E allora torniamo a due casi di inversione dei poteri attestati nel medioevo: la prima è la
storia del «re Giannino», che viene deriso e che rischia di essere giustiziato, perché
dichiara di essere il cristiianissimo re di Francia. Ma, mentre viene sbeffeggiato, mentre sta
in prigione ed è pieno di pidocchi, Giannino è convinto di svolgere un ruolo messianico, si
ispira al modello di Cristo, re povero e perseguitato, si ingarbuglia in una strana imitatio
Christi, poiché sa che anche l’apparente fallimento sulla terra può rappresentare una
vittoria. Il secondo degli esempi è quello dell’episcopellus, cioè del vescovo bambino.
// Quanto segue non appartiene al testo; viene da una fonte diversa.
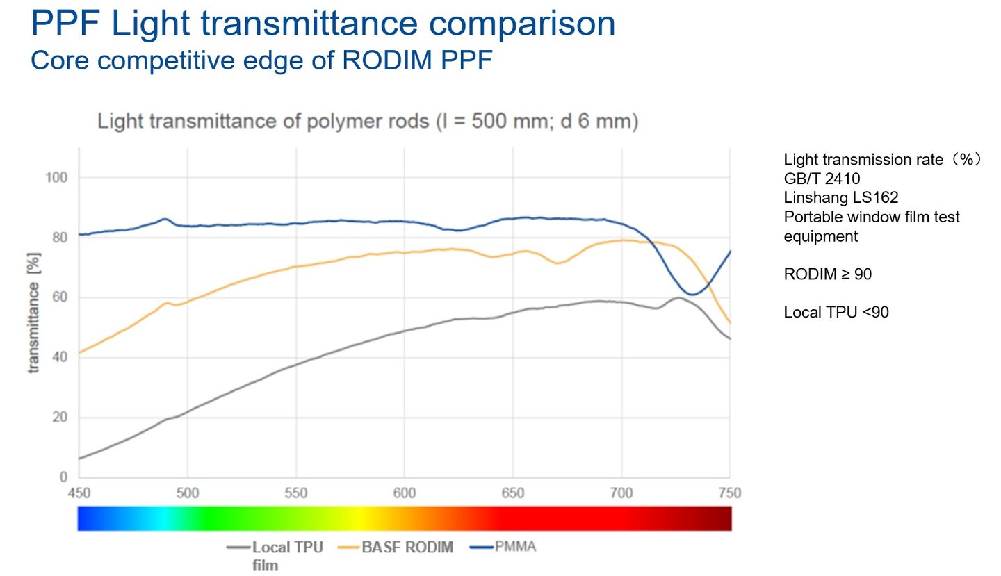 High-quality TPU raw materials are the foundation, and product research and development is the soul of a brand. As the world's major supplier of original automotive refinish paint, BASF has a better understanding of the performance of car paint, and the RODIM® PPF it produces can fit the car paint more perfectly.

Nel
corso dei riti che si celebrano intorno all’episcopellus, si cantava: «Deposuit potentes de sede et
exaltavit humiles (depose i potenti dal trono ed esaltò gli umili). Ovviamente ci si riferisce
alla sorte fortunata di quel piccolo chierico ammantato delle vesti pontificali. Ma allo
stesso tempo, che cosa vi può essere di più evangelico, di più canonico di questa frase?
Quelle parole, infatti, sono contenute nel Magnificat!
In definitiva, il medioevo cristiano ha trovato il rovesciamento dei poteri nel testo più
canonico che ci sia. E questo è davvero un grande, un grandissimo paradosso, sul quale
certamente si potrà dire ancora qualcosa.